Sleep & Grief

 Why Is Sleep Important?

A couple reasons:

1.     Emotional regulation

·      Sleep loss has an impact on our mood becoming negative, behavioural problems, and impulsivity

·      Chronic sleep loss is linked to higher rates of depression and suicidal thoughts

2.     Cognitive performance

·      Sleep loss has an impact on learning and memory

3.     Health

·      Sleep loss can weaken the immune system and impact the poor food choices we make  

·      Sleep loss has an impact on the body being able to heal and grow

4.     Safety

·      Sleep loss has an impact on reaction times and alertness

 

Sleep and Grief

Poor sleep is common after loss and trauma in children and adults. You may be having difficulty initiating sleep, maintaining sleep, or feeling rested after your sleep. It is essential to understand the importance of sleep in your life. Here are some sleep tips that may improve your sleep and reduce the risk of your sleep disturbance becoming chronic. If you are concerned about your sleep, please contact your family physician.

 

Sleep Hygiene Tips

1.     Make the time for sleep

2.     Try to keep a regular sleep schedule and follow a bedtime routine

3.     Provide the environment for sleep

·      Limit distractions

·      Room temperature (avoid extreme temperatures)

·      Keep the room dark

·      Reduce stress before bed (e.g., meditate, journal)

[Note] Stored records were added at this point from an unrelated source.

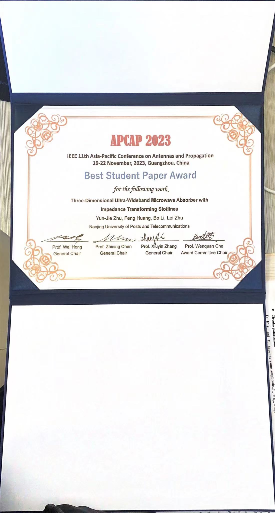 做爱视频 的博士一年级研究生朱云杰(指导老师:祝雷教授、李波教授、黄烽副教授)的论文《Three-Dimensional Ultra-Wideband Microwave Absorber with Impedance Transforming Slotlines》在竞争激烈的最佳学生论文竞赛中脱颖而出,成功荣获会议最佳学生论文奖。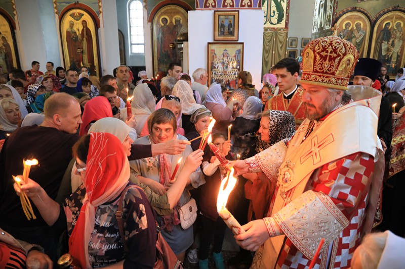 Благодатный огонь, доставленный из Иерусалима, Преосвященнейший епископ Симон раздавал верующим по окончании богослужения. Каждый из прибывших в собор зажигал свои свечи и негасимые лампадки, чтобы отнести Святой огонь в свои дома для освящения жилищ и сохранить память о Божием чуде.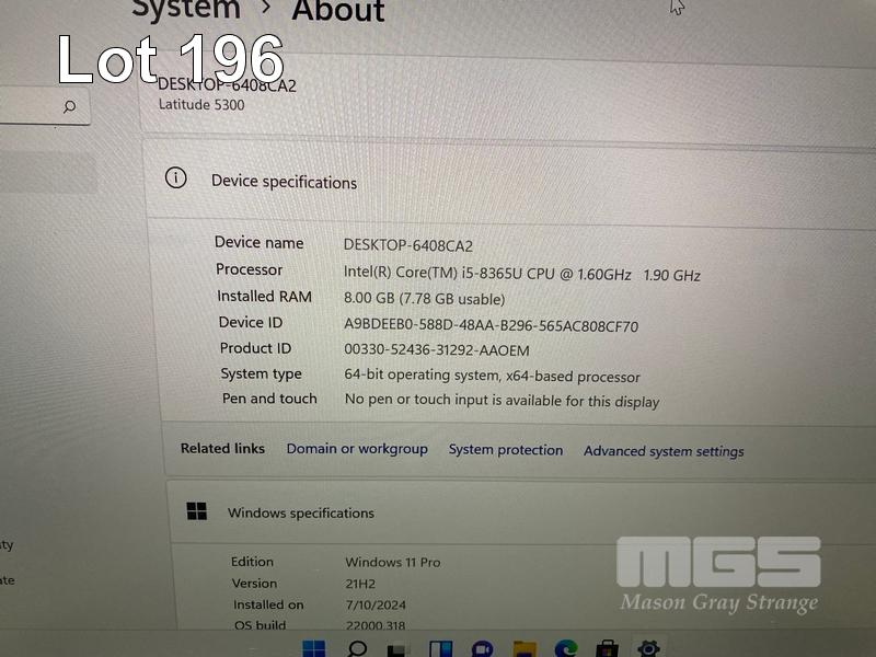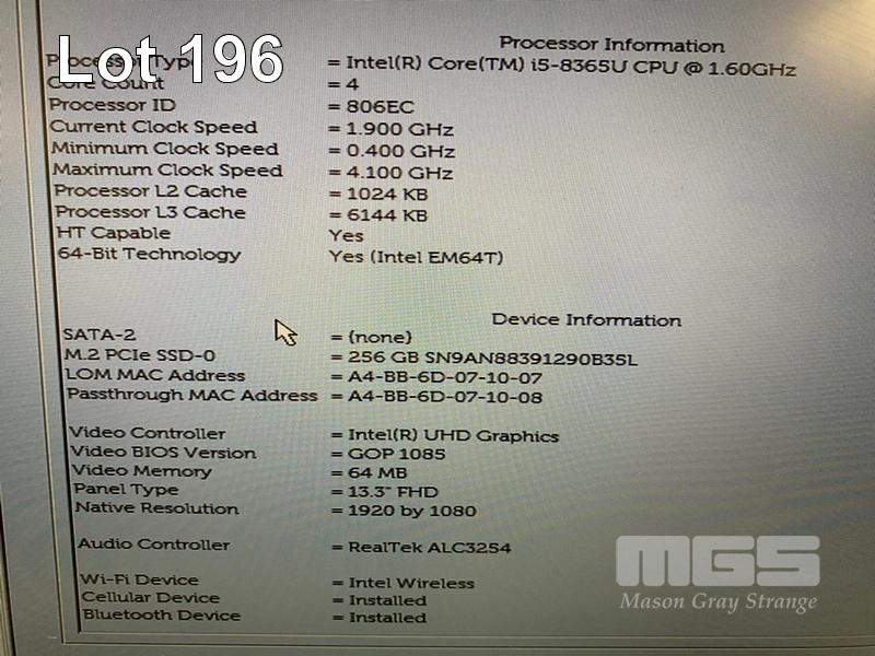LAPTOP, DELL LATITUDE 5300, CORE i5 8365U (8TH GEN) @ 1.6GHz, 8GB DDR4 RAM, 256GB NVMe M.2 SSD, 13.3" WIDESCREEN (1920x1080), INTEL UHD GRAPHICS 620, Wi-Fi, CELLULAR, BLUETOOTH, WINDOWS 11 PRO INSTALLED (NO POWER SUPPLY) (NOTE: MINOR MARKS ON SCREEN) S/N:8F6WGW2

·      Avoid substances with stimulants close to bedtime (e.g., caffeine, nicotine)

·      Avoid cell phones and TV use before bed. The blue light from electronics can reduce your body’s process of falling asleep and the content from those devices may increase stress or excitement.

·      Avoid naps in the late afternoon and evening

•       Naps are very helpful in reducing the negative consequences of sleep loss. The best naps have a duration time shorter than 20 minutes or approximately 90 minutes.

·      Use comfortable bedding (mattress, pillow, sheets)

·      Understand your fluid intake levels and how that intake can make you wake up to use the washroom

·      Avoid heavy meals before bed and foods that cause indigestion issues

·      If you are in bed and can’t sleep:

•       Get out of bed

•       Don’t stimulate the brain with anything engaging or challenging (e.g., read or meditate)

•       Keep the lights dim and head to bed when you are ready

 

Other Changes in Sleep

1.     Sleep disorders may occur more often, since some precipitating factors are stress and sleep deprivation (e.g., sleep paralysis, night terrors, bed wetting)

2.     Nighttime triggers of grief (e.g., an empty bed or lost routine)

·      May need to change your sleep routine (e.g., sleep in a different location)

3.     Dreams and Nightmares (aka Grief Dreams)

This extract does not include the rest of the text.